From: John H. Jenkins (email@example.com)
Date: Mon Jan 25 2010 - 14:47:46 CST
On Jan 25, 2010, at 11:39 AM, Mark Crispin wrote:
> Now, I admit to appreciate seeing the station name in hiragana at train stations rather than having to hunt around for the name in English.
I prefer seeing the names in kanji because I can read *those* better than kana. :-) Plus I get a kick out of seeing what the toponyms actually mean.
> But I've needed it less as my ability to read kanji has improved as has my ability to understand the conductor's announcements (without having to translate them in my mind to English).
>>> Fortunately, it's invariably unambiguous.

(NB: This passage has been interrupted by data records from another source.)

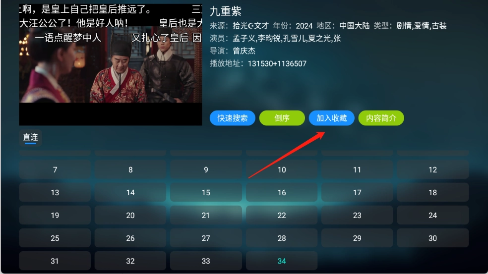 打开喜欢的影视进入播放页面,点击“加入收藏”。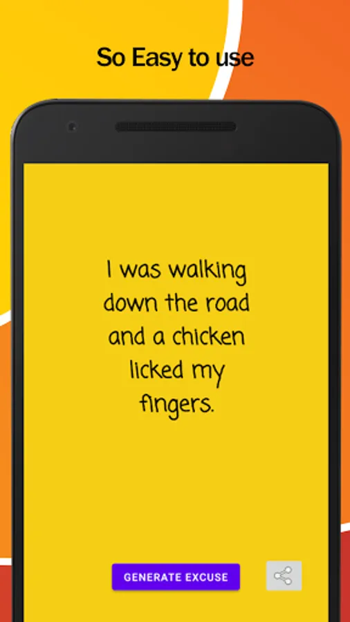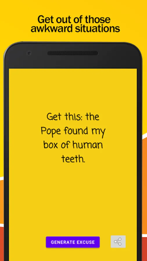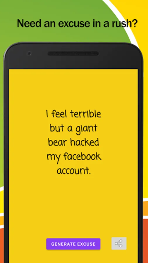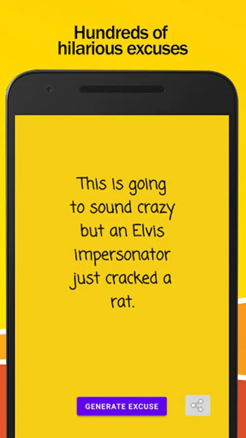 Tap into the unexpected with our Random Excuse Roulette! Swipe through a variety of hilarious excuses and find the one that perfectly matches your situation. It's like having a comedy club in your pocket, ready to bail you out!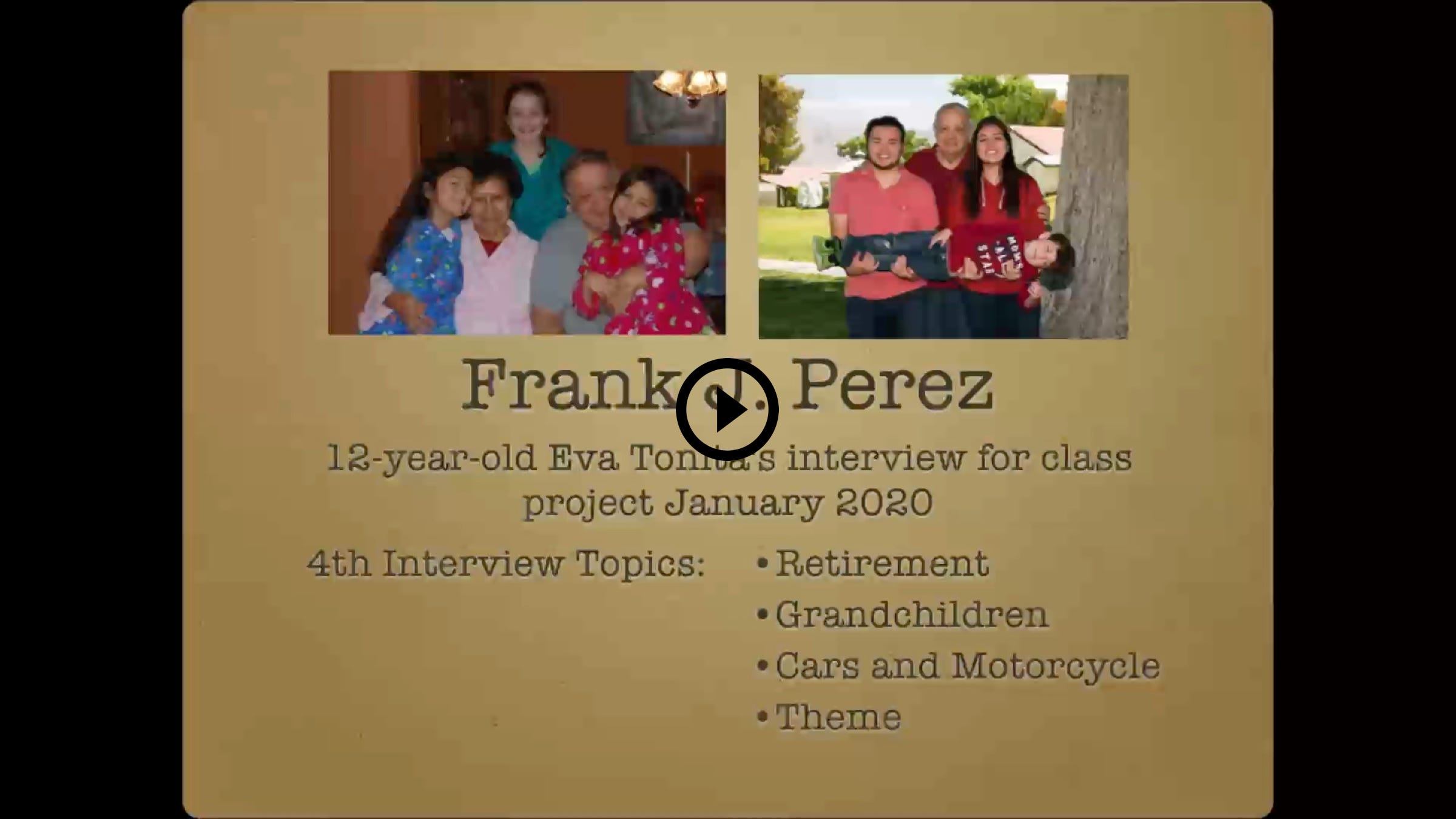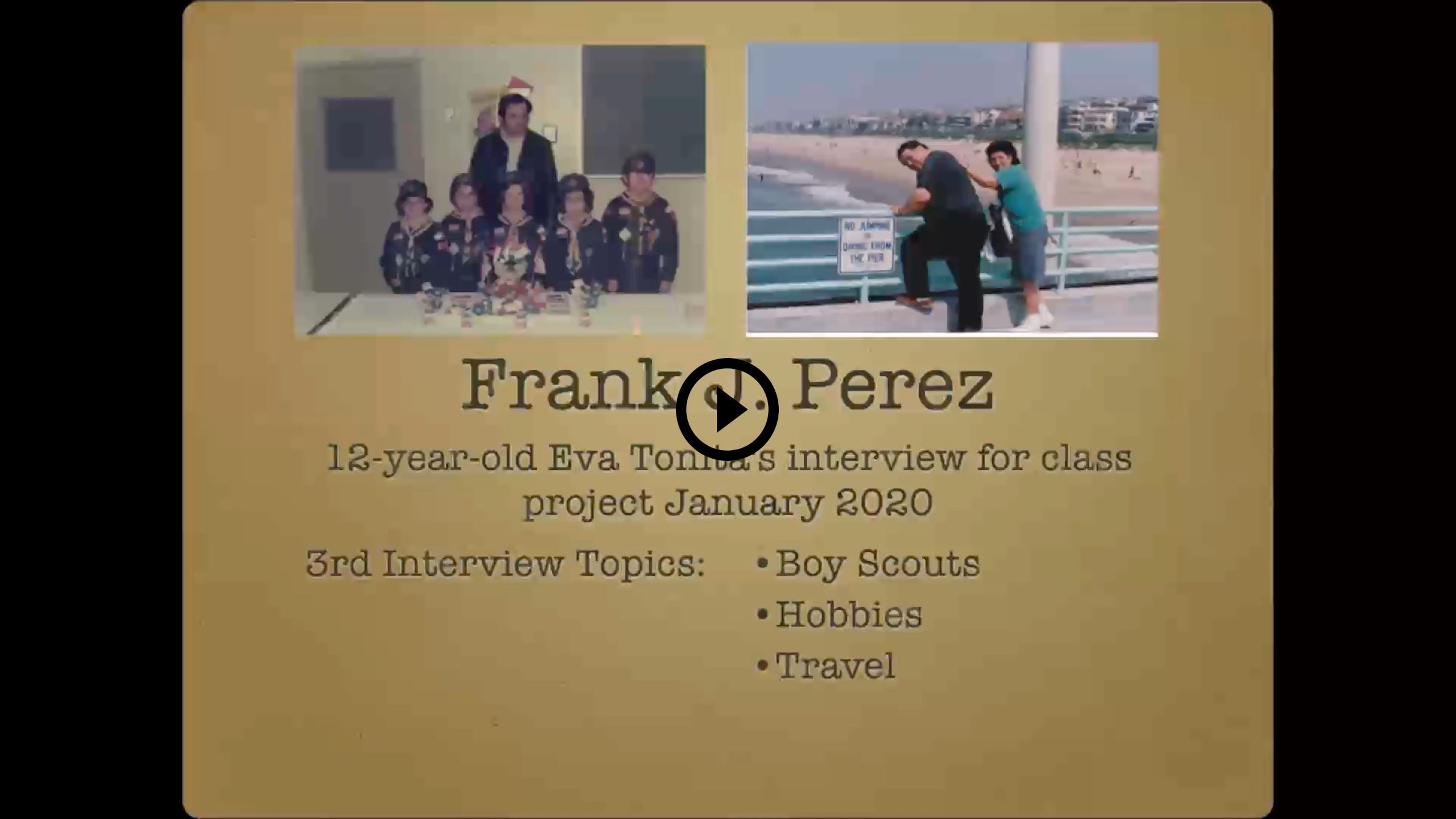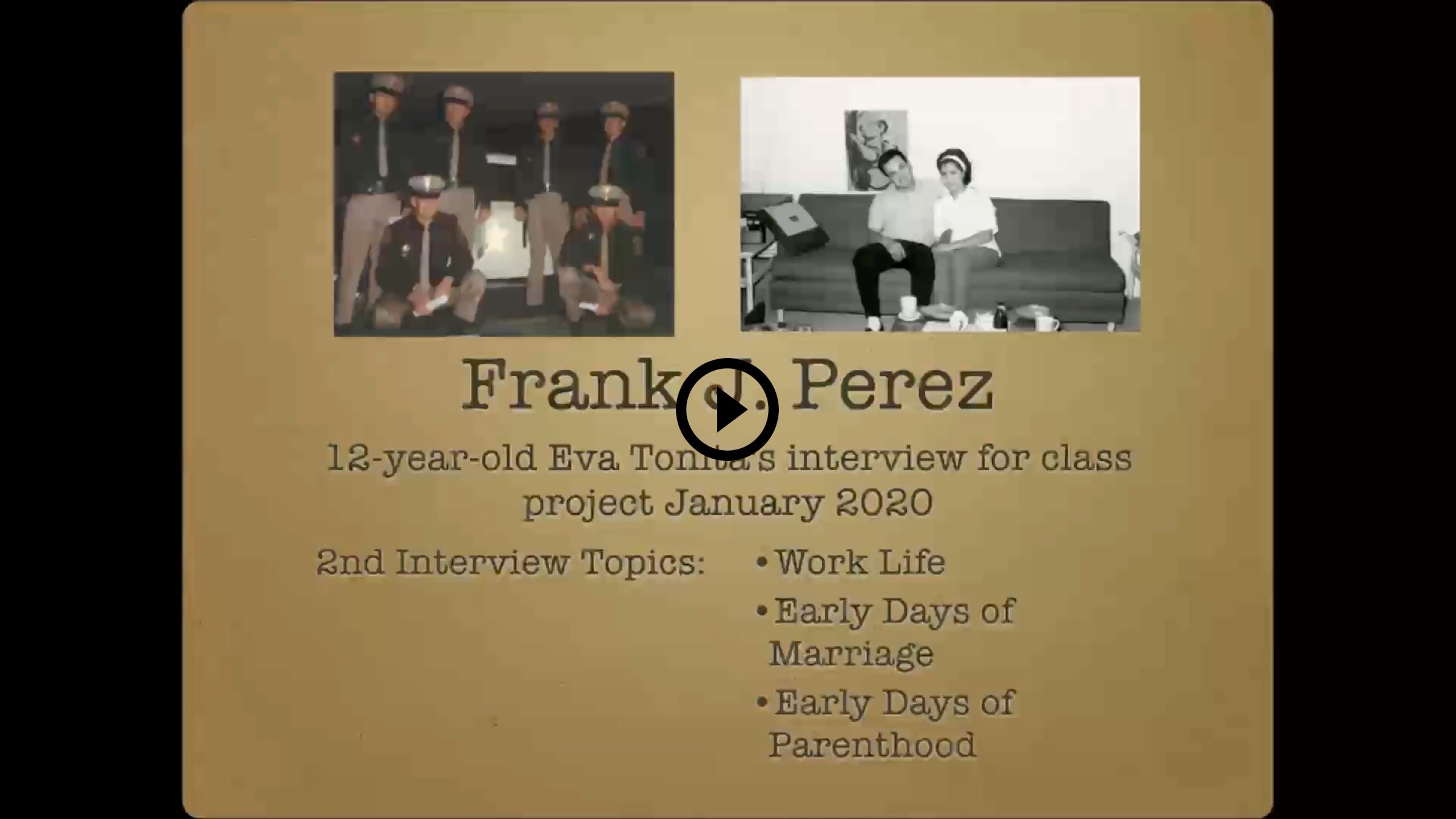 Video interviews with Frank Perez, recorded in January 2020. Interviewed by his 12-year-old granddaughter, Eva Avilez.

I follow kana when writing
>>> romanized text to a native Japanese, and shift to "wa" and "e" when
>>> writing romanized text to a non-Japanese.
>> Interesting. Unihan.txt is a text to a native Japanese,
>> or a text to a non-Japanese?
> I don't know. I think that everybody is trying to decide that.

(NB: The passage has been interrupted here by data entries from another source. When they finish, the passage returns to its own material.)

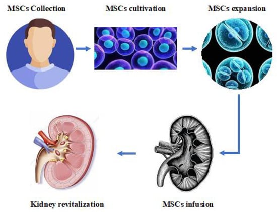 - Bochon, B.; Kozubska, M.; Surygala, G.; Witkowska, A.; Kuzniewicz, R.; Grzeszczak, W.; Wystrychowski, G. Mesenchymal Stem Cells-Potential Applications in Kidney Diseases. Int. J. Mol. Sci. 2019, 20, 2462. [Google Scholar] [CrossRef]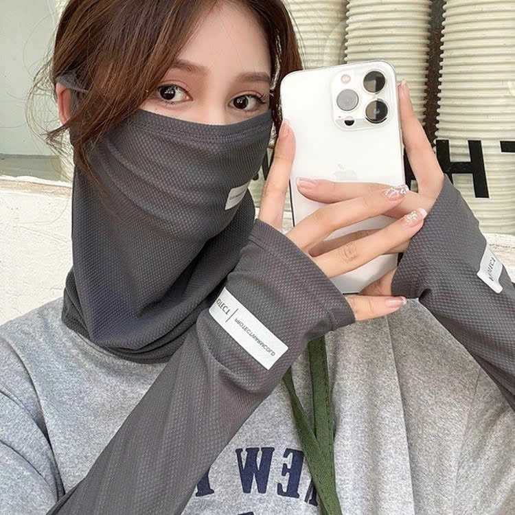 Khăn trùm vải thun lạnh Protect - Chất liệu : Vải thun lạnh - Size : Freesize thích hợp đa phần ai cũng vừa vặn. - Màu sắc: Đen, xám đậm, xám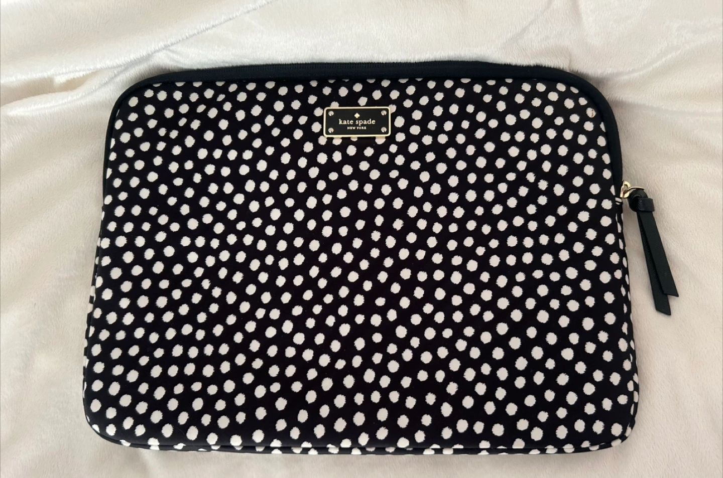 A Kate Spade laptop sleeve. Black fabric with white polka dots. Features a black zipper closure with a gold-tone zipper pull. Interior is lined in black fabric. Imagine yourself using this to transport your laptop, while feeling secure and stylish.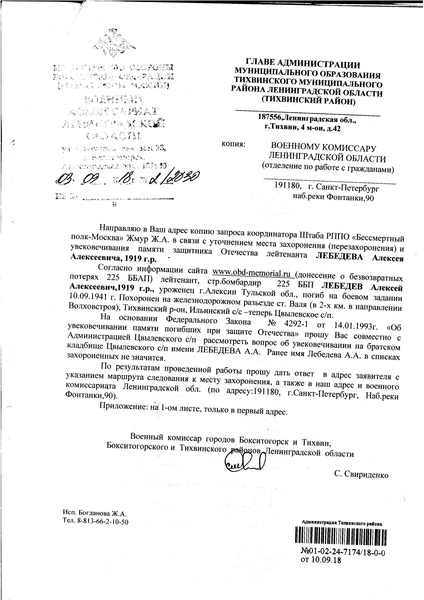 Лебедев Алексей Алексеевич (1914 1919 сви 2017_1 Свирь раз. Валя, Кировская ж/д, 2 км от ст. в направлении Волховстроя личка адм лейтенант сбили свои истребители 10.09.1941 225 СБАП, 3 РАГ 9308584 9557013 9557413 9556944 ВПП нет подвиг нет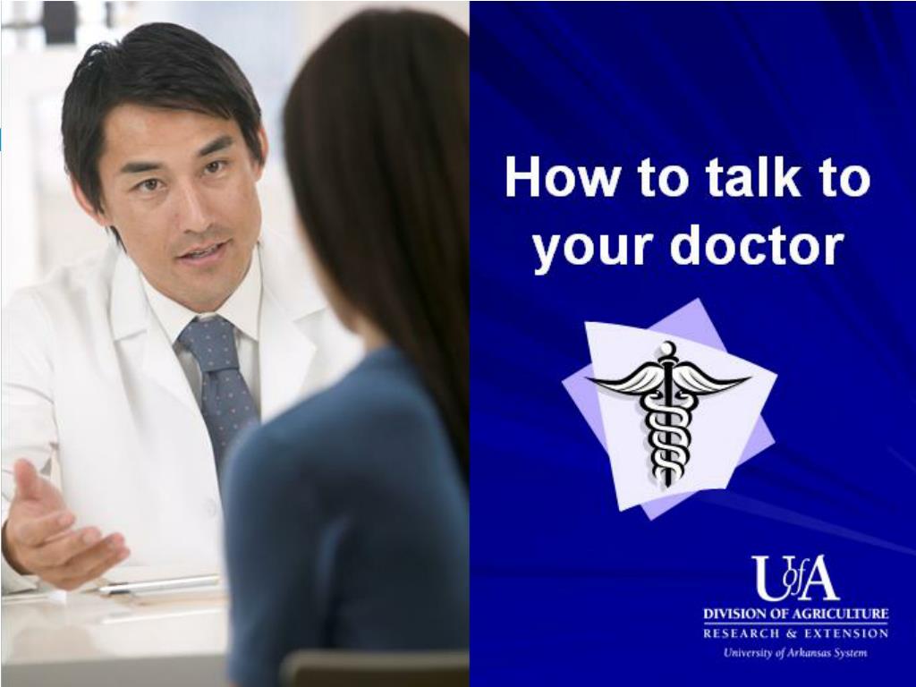 How to talk to your doctor • Describes the various specialties in medicine • Teaches Patient and doctor rights and responsibilities • Encourages patient/client to be prepared for doctors’ visits • Encourages patient/client to ask questions • Activities include role play Feeling empowered, being preparedand knowing you are 50% of your healthcare team are some of the things you will learn in this lesson.

The readings fields are intended to be primarily "what you would see if you looked this up in a dictionary," and secondarily "what you would type to input this character by itself."
The fields for Mandarin, Cantonese, Korean, and Vietnamese, however, all use the transcription system preferred by native speakers. (Well, except kCantonese, because most Cantonese speakers don't really know any transcription system. Jyutping, however, was developed by native speakers, unlike its main competitors.)
As I say, I feel the best way to move forward would be to get a set of readings with a known provenance and use kana the way that native speakers would.
(An aside: The main reason why the original readings fields were all in Latin romanization is that when Unicode 1.0 was under development, we had to restrict ourselves to ASCII for obvious practical reasons.)